As the pandemic situation continues to evolve and further cases work their way through the courts, the way that COVID-19 is taken into account may continue to evolve. As is often the case with the ongoing pandemic situation, the future development of principle remains uncertain.

*This content has been reviewed by the Editor of the Commonwealth Sentencing Database, but unlike our commentary pages has not been approved by our entire academic panel. The final COVID-19 Sentencing Page will be published in the coming weeks.

[1] See, eg, R v Fiordelli [2020] NSWDC 154, [109]–[114]; R v Sharp [2020] NSWDC 167, [54]–[55]; R v Dib [2020] NSWDC 145, [163]–[174].

[2] For discussion see the state sentencing case of Brown v The Queen [2020] VSCA 60, [48] which was applied in the federal case of DPP (Cth) v Politopoulos [2020] VCC 338.

[3] R v Diez [2020] NSWDC 351, [37].

[4] DPP v Milla [2020] VCC 546, [72]; R v Georgiou [2020] VCC 502, [74]; R v Karam [2020] VCC 496, [75].

[5] R v Burch [2020] ACTSC 192, [76]–[77].

[6] If judicial officers have suggestions for new pages or feedback on the database generally please contact [email protected].

[7] Commonwealth Sentencing Database, Hardship to the Offender (27 October 2016) <https://csd.njca.com.au/principles-practice/general_sentencing_principles/s16a_specific_relevant_factors/hardship/> citing Muldrock v The Queen [2011] HCA 39, [19] (French CJ, Gummow, Hayne, Heydon, Crennan, Kiefel and Bell JJ).

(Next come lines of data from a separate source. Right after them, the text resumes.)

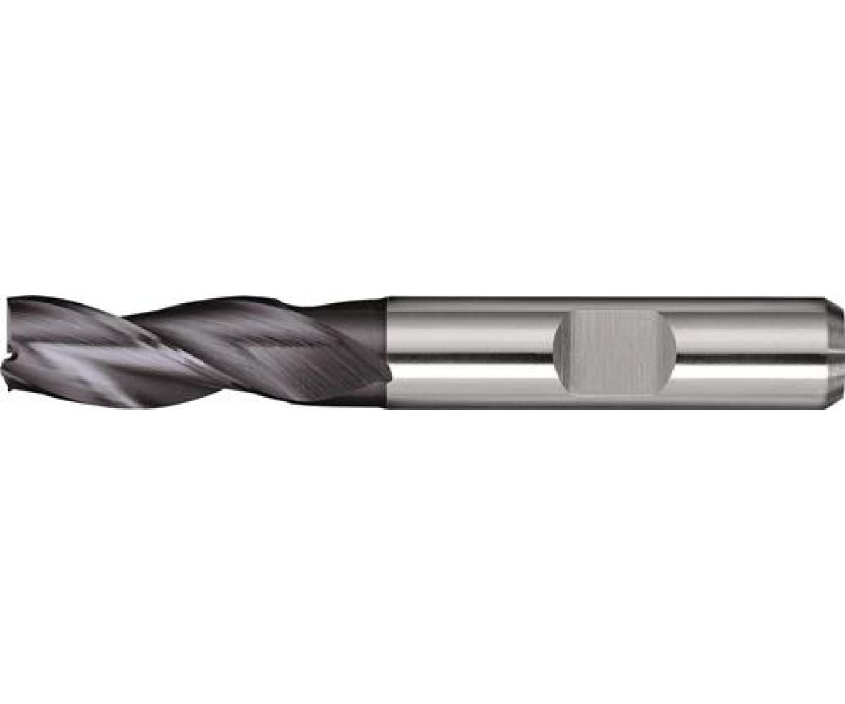 HSS-Co8 · DIN 844 · Typ N · Dreischneider · lang · Zentrumschnitt · Zylinderschaft mit Mitnahmefläche · rechtsschneidend · zum Fräsen von Werkstoffen mit geringer und mittlerer Festigkeit bis ca. 800 N/mm² mit unbeschichtetem Werkzeug und 1000 N/mm² mit beschichtetem Werkzeug · Nenn-Ø 9, 11, 13, 15 mm = Toleranz h10, Rest = e8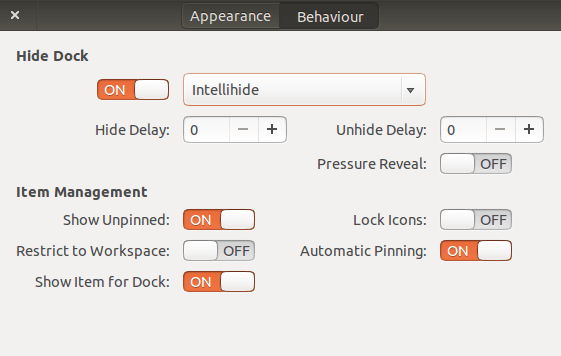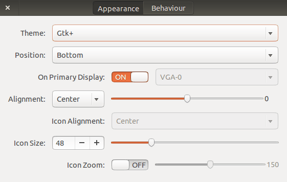 如你所见,Preferences 窗口包含两个标签:Apperance 和 Behavior,前者是默认选中的。Appearance 标签栏包含 Plank 主题相关的设置,dock 的位置,对齐,还有图标相关的,而 Behavior 标签栏包含 dock 本身相关的设定。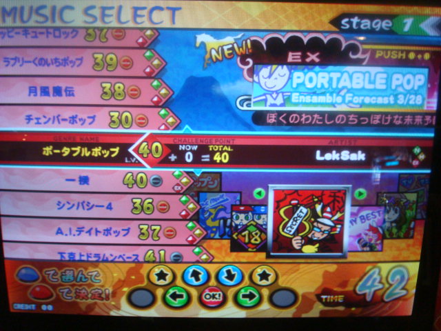 『ポータブルポップ』昨日より解禁可能みたい。初めのステータス画面で「シンパシー4」を解禁させたパスワードを再度入力すると登場!!(EX譜面も一気に解禁)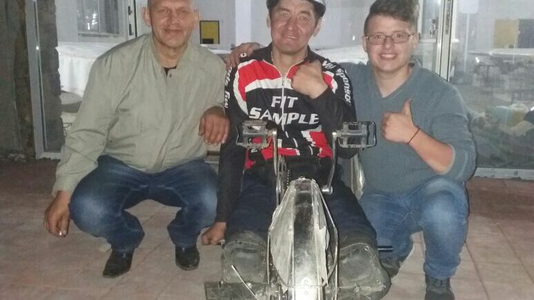 Сейчас путешественник разместился в гостинице райцентра Карабалыкского района Казахстана.Не обошлось и без ЧП — за 500 метров до поселка Карабалык на велоколяске лопнуло колесо, и мужчина оказался в темное время суток в безвыходном положении. Но тут же на собственном примере убедился в силе дружбы и взаимовыручки. Узнав, что ему требуется помощь, организатор велопробега и его работодатель, редактор районной газеты «Сельская империя» Халида Кулкашева вышла на связь со своими бывшими учениками из Казахстана. Женщина 30 лет назад работала учителем в школе города Аркалык и дружбу с учениками поддерживает до сих пор. Путешественника устроили в гостиницу, накормили, купили насос, камеру и подшипники.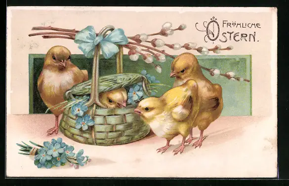 AK Osterküken mit Körbchen voller Vergissmeinnicht

[8] DPP v Singer [2020] VCC 1005, [26]–[27].

[9] R v Diez [2020] NSWDC 351, [45].

[10] R v Nguyen [2020] NSWDC 367, [62]

[11] DPP v Panczuk [2020] VCC 863, [91]; DPP (Cth) v Stanley [2020] VCC 898, [85]

[12] R v Ali [2020] VSC 316, [205]

[13] R v Dib [2020] NSWDC 145, [159].

[14] DPP v Politopoulos [2020] VCC 338, [76].

[15] See R v Hughes [2020] NSWDC 98, [136], DPP v Panczuk [2020] VCC 863, [89].

[16] R v Diez [2020] NSWDC 351, [46].

[17] R v Nguyen [2020] NSWDC 367, [61].